▸ **RECORDS PROVIDED**:
--*--
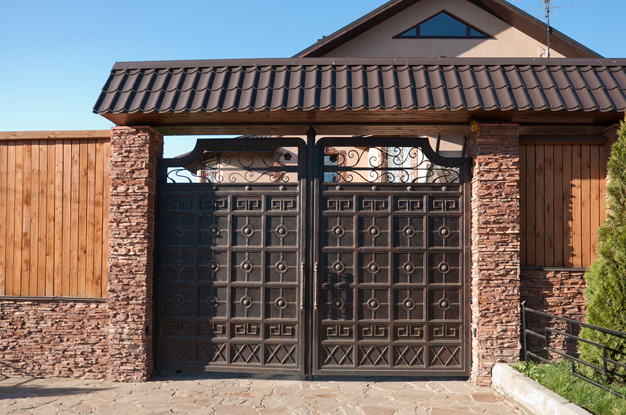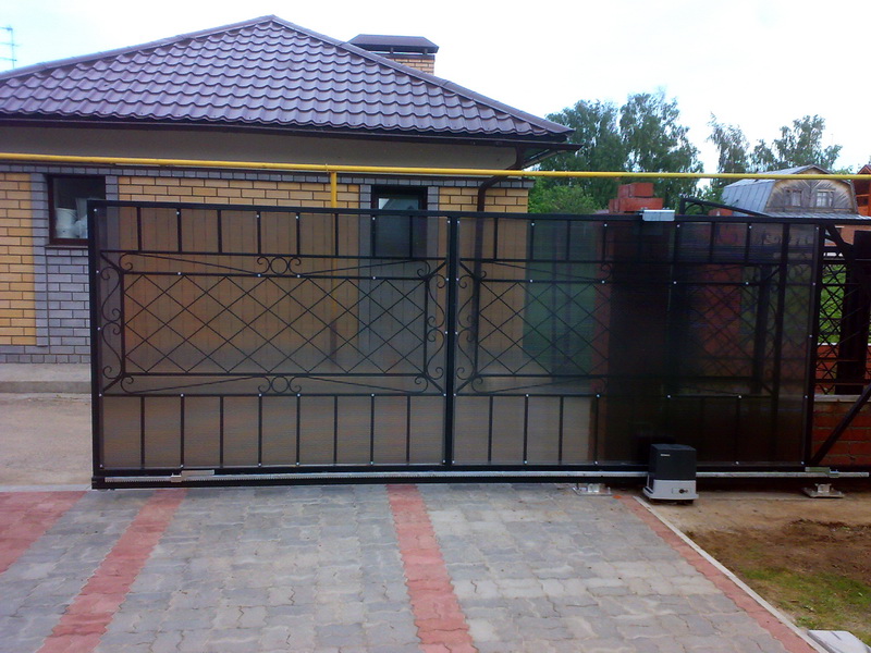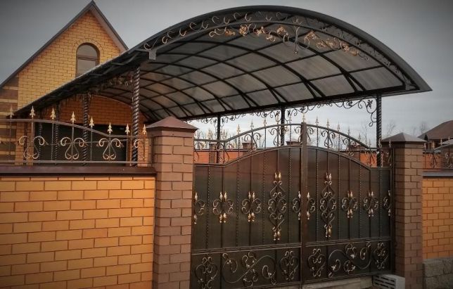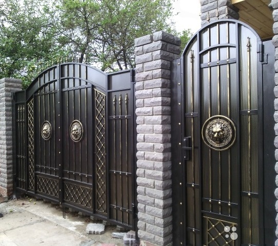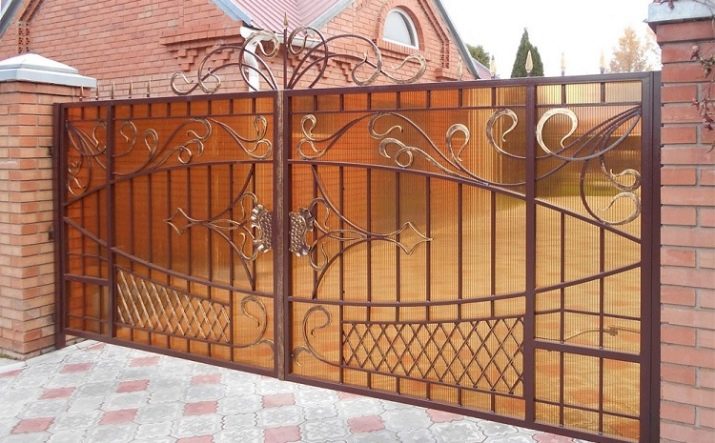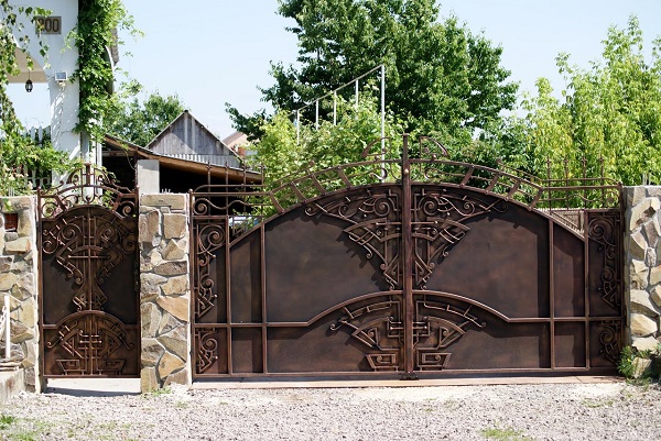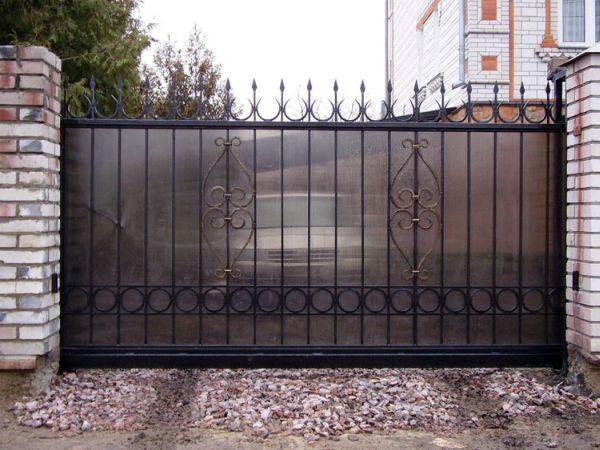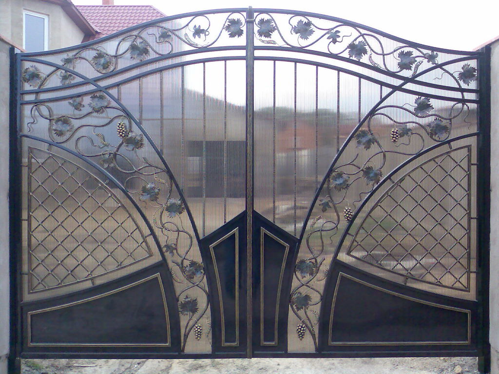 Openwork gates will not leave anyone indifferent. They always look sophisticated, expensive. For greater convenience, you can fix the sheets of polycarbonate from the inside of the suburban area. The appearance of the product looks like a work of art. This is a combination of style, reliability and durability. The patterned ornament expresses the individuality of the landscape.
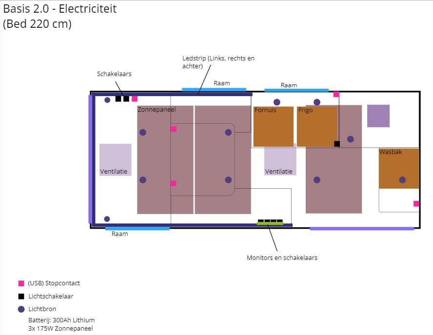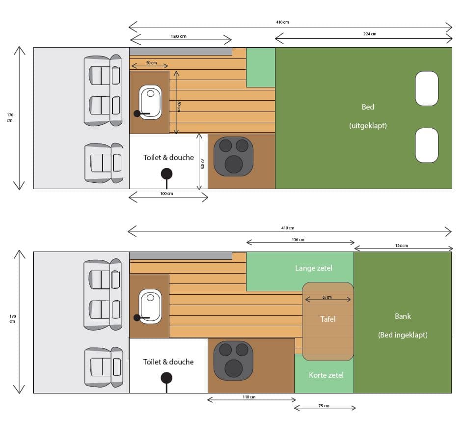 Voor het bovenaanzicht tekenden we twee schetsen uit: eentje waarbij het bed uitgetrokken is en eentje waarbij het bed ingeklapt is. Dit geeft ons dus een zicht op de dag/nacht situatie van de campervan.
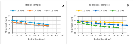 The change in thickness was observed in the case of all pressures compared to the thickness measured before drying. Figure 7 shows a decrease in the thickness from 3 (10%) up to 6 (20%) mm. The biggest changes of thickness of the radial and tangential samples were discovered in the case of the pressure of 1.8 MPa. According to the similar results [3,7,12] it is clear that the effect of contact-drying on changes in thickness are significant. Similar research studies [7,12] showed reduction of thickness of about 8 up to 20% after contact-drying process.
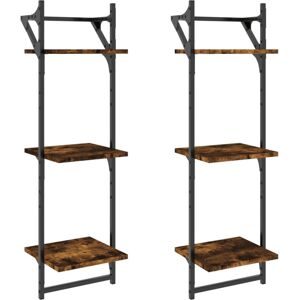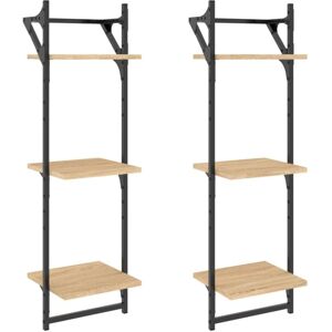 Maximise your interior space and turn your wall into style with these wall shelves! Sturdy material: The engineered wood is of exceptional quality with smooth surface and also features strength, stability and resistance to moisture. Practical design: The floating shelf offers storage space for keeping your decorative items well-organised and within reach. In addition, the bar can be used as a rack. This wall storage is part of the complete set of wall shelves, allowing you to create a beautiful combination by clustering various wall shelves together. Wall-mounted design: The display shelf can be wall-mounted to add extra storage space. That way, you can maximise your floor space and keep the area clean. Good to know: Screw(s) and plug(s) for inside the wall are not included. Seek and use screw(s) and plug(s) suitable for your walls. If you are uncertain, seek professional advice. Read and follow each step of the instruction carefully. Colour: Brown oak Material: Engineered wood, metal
--*--
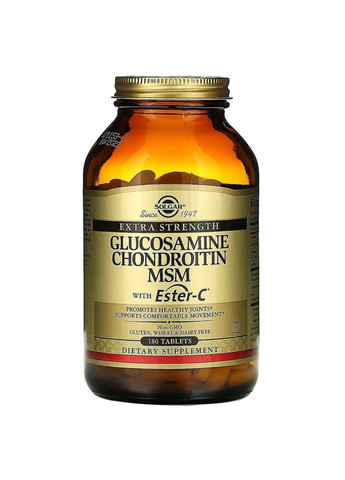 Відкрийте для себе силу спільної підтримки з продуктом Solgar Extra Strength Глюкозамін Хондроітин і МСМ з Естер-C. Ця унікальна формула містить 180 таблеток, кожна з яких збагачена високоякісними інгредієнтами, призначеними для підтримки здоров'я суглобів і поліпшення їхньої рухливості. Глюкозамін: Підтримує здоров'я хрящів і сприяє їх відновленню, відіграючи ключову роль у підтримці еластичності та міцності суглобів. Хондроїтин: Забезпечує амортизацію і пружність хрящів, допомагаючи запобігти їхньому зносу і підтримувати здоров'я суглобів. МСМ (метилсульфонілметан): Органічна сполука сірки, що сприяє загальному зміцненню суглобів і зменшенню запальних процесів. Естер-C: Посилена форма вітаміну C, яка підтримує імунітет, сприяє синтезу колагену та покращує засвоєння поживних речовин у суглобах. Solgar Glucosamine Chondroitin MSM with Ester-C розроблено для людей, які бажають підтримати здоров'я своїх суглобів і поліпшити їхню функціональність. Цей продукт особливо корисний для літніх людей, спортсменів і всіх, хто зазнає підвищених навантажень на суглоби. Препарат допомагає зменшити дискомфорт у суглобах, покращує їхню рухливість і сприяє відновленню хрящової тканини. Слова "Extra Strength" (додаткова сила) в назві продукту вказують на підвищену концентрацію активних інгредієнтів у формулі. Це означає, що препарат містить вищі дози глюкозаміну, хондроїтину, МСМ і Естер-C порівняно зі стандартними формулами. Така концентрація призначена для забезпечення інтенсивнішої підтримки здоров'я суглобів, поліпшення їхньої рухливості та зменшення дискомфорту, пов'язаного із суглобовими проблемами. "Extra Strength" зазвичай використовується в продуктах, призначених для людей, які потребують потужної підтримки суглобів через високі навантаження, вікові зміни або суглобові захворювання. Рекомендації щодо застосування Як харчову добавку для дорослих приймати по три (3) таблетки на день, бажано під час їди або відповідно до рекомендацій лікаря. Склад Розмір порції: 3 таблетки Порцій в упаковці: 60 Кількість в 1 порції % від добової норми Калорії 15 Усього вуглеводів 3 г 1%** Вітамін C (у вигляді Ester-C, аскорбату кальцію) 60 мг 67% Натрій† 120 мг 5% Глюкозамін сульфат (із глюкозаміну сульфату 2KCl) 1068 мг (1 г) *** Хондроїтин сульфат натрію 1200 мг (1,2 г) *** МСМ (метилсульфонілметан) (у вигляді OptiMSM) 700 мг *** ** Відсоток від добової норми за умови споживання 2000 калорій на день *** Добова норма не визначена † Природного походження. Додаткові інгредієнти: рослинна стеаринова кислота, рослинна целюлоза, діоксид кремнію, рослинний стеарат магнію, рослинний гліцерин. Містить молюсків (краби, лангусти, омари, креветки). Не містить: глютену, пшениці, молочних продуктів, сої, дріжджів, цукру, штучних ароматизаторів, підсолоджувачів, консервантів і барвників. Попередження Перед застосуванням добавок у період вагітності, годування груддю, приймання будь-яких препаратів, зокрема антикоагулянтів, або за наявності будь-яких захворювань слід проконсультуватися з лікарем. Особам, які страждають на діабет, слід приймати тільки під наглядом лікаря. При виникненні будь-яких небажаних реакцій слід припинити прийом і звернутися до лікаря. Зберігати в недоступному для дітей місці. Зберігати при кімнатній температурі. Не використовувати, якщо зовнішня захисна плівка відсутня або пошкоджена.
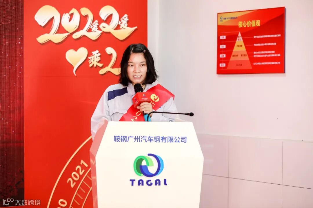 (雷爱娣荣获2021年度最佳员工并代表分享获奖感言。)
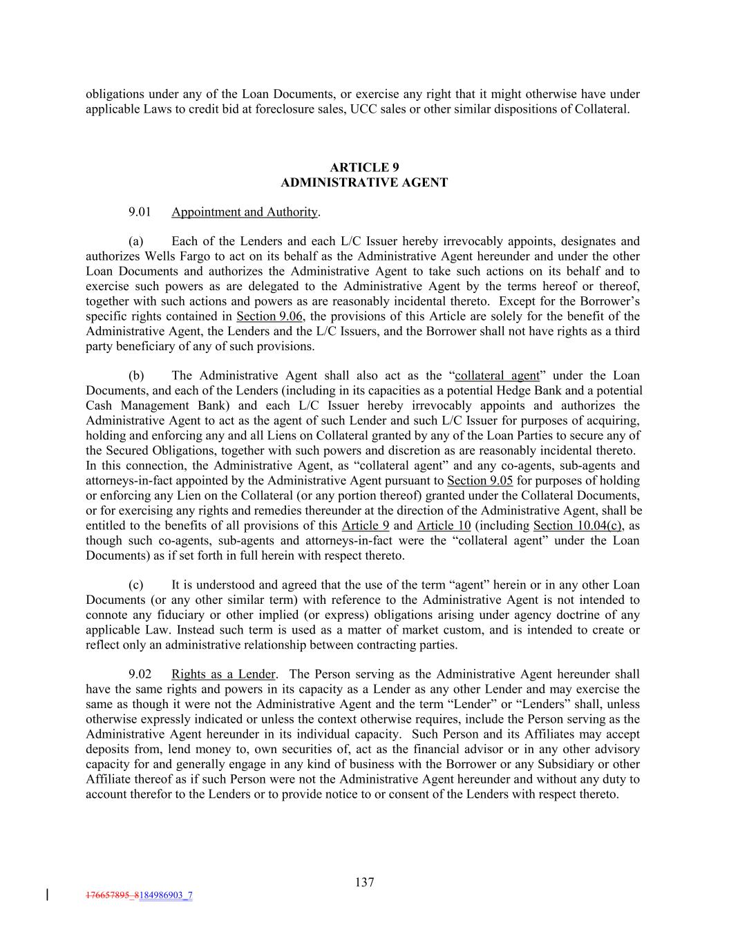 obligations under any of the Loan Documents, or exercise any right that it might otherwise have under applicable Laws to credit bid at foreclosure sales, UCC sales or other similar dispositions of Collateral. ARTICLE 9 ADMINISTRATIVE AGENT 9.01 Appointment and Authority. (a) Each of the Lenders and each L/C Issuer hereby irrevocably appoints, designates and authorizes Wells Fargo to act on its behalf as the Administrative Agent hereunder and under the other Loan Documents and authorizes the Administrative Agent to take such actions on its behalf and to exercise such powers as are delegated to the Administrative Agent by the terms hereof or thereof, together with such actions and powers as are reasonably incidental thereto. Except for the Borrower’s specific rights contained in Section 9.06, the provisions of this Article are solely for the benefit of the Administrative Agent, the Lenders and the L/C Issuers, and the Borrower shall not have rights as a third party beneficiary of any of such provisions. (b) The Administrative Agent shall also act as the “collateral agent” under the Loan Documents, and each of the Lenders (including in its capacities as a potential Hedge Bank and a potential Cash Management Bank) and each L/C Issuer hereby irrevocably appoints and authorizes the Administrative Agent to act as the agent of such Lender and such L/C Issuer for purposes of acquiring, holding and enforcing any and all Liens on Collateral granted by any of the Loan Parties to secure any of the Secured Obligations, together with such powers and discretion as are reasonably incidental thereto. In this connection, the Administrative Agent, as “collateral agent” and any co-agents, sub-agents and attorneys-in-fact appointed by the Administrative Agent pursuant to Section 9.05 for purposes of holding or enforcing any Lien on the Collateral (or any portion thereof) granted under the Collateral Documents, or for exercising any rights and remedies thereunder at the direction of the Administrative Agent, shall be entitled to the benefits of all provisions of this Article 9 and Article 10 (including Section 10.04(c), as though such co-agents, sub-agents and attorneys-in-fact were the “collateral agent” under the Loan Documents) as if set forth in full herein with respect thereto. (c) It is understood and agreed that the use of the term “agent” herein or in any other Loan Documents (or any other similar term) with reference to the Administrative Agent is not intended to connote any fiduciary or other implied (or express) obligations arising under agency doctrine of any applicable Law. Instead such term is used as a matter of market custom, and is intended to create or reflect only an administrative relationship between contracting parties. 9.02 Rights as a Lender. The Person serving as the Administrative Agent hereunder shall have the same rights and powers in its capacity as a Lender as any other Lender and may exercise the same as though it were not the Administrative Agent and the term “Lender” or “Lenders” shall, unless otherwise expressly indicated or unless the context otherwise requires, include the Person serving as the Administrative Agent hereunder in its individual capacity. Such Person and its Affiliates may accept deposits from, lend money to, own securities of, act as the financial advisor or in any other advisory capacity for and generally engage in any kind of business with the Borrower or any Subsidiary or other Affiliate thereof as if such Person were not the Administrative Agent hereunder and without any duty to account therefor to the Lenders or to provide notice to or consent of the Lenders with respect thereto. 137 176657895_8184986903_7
--*--
In the data above, find the line containing "Openwork gates will" and the line containing "The change in". Copy exactly the stretch from the first through the second, both included, leaving out any picture.

 Openwork gates will not leave anyone indifferent. They always look sophisticated, expensive. For greater convenience, you can fix the sheets of polycarbonate from the inside of the suburban area. The appearance of the product looks like a work of art. This is a combination of style, reliability and durability. The patterned ornament expresses the individuality of the landscape.
 Voor het bovenaanzicht tekenden we twee schetsen uit: eentje waarbij het bed uitgetrokken is en eentje waarbij het bed ingeklapt is. Dit geeft ons dus een zicht op de dag/nacht situatie van de campervan.
 The change in thickness was observed in the case of all pressures compared to the thickness measured before drying. Figure 7 shows a decrease in the thickness from 3 (10%) up to 6 (20%) mm. The biggest changes of thickness of the radial and tangential samples were discovered in the case of the pressure of 1.8 MPa. According to the similar results [3,7,12] it is clear that the effect of contact-drying on changes in thickness are significant. Similar research studies [7,12] showed reduction of thickness of about 8 up to 20% after contact-drying process.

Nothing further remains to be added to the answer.